On Mon, 7 May 2012 16:48:35 +0100, "Derek.Moody"
<
derek...@casterbridge.net> wrote:
> <a href="mailto etc
> - as it'll fool most of the address harvesting spiders.
Not mine. I wrote a little BASIC proggy many years ago as a proof of
concept as to why Argonet's user directory was an invitation. It
built a list of pages and scanned them, plus subpages three levels
deep (unless linked away from Argo (determined by IP lookup)). From
that, it extracted all mailto links and decoded glyphs, nospam
inserts, and the like. It also looked for text "at" and "@" to try to
retrieve non-link addresses. It found some, and decoded them. ;-) It
also filtered out common bogus addresses (
whitehouse.gov, localhost,
etc).
The only thing it completely skipped was emails in images, 'cos my
maths isn't up to OCR code. Wouldn't have thought that'd be a laugh
in BASIC anyway. ;-)
I guess the level of result from a spambot depends upon the
competence of the programmer...
Best wishes,
Rick.
PS: The secret?

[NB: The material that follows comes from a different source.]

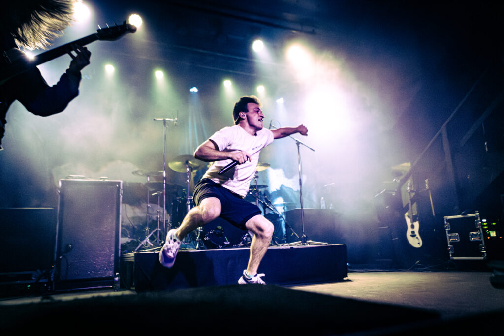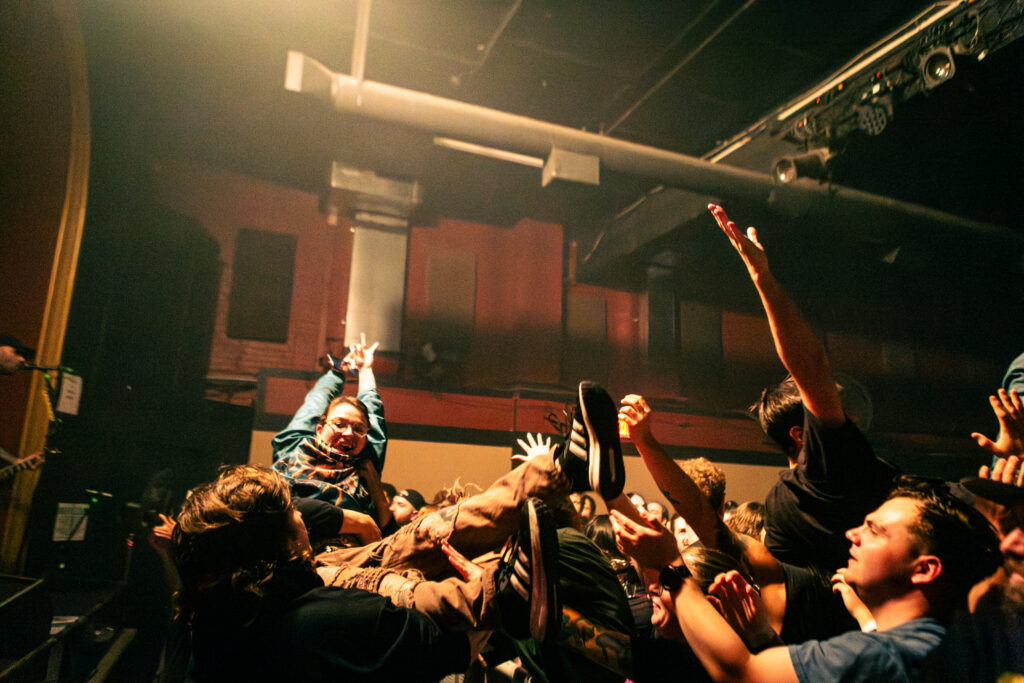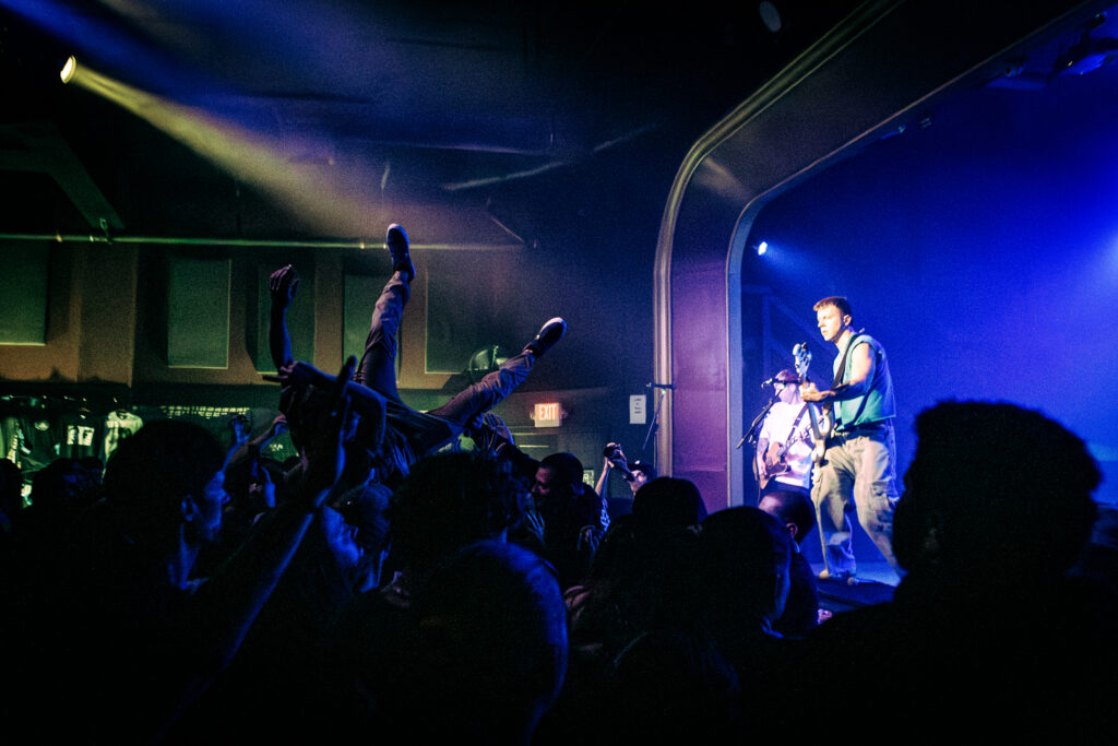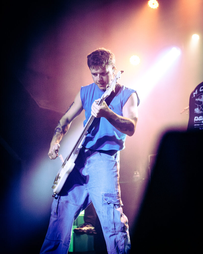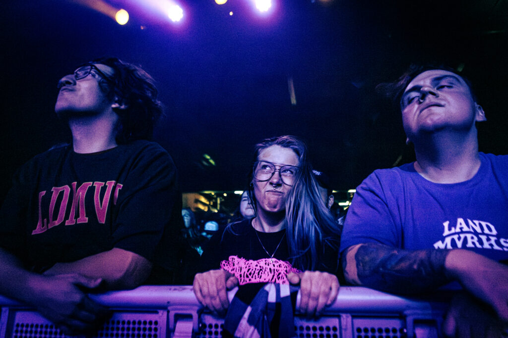 LANDMVRKS entered the stage after Silly Goose with the high energy anthem “Creature”, the second track from their latest album, The Darkest Place I’ve Ever Been. They followed that with “Death” from 2021’s Lost In The Waves. Prior to their third song, “Blistering” from their 2018 album Fantasy, vocalist Salfati called for crowd surfers and was not disappointed. The flow of bodies throughout ”Blistering” was endless, so much so that two extra security ran to the front to lend a helping hand. There wasn’t much of a break in the surfing the rest of the night, either, other than maybe during the just-over-a-minute rap-heavy beat “Sombre 16” and the stripped down intro to “Suffocate”, which Salfati played solo on stage before being joined by the rest of the band after the first chorus.

Run the scan on a subset and ask it to keep
everything that "looks like" an address. Then go through it manually
coding rules. Then let loose, for most people munge their addresses
in very similar ways. God, imagine giving it "wiki recent changes" as
the input!
PPS: Don't think I have the code, it'll be on my dead 2Gb drive. It
was, however, a rainy Sunday's worth of code. It isn't hard, just a
bloody big array and a heap of decode rules. If I wrote it again, I'd
dump likely addresses to a file and process them afterwards, instead
of doing it during the scan...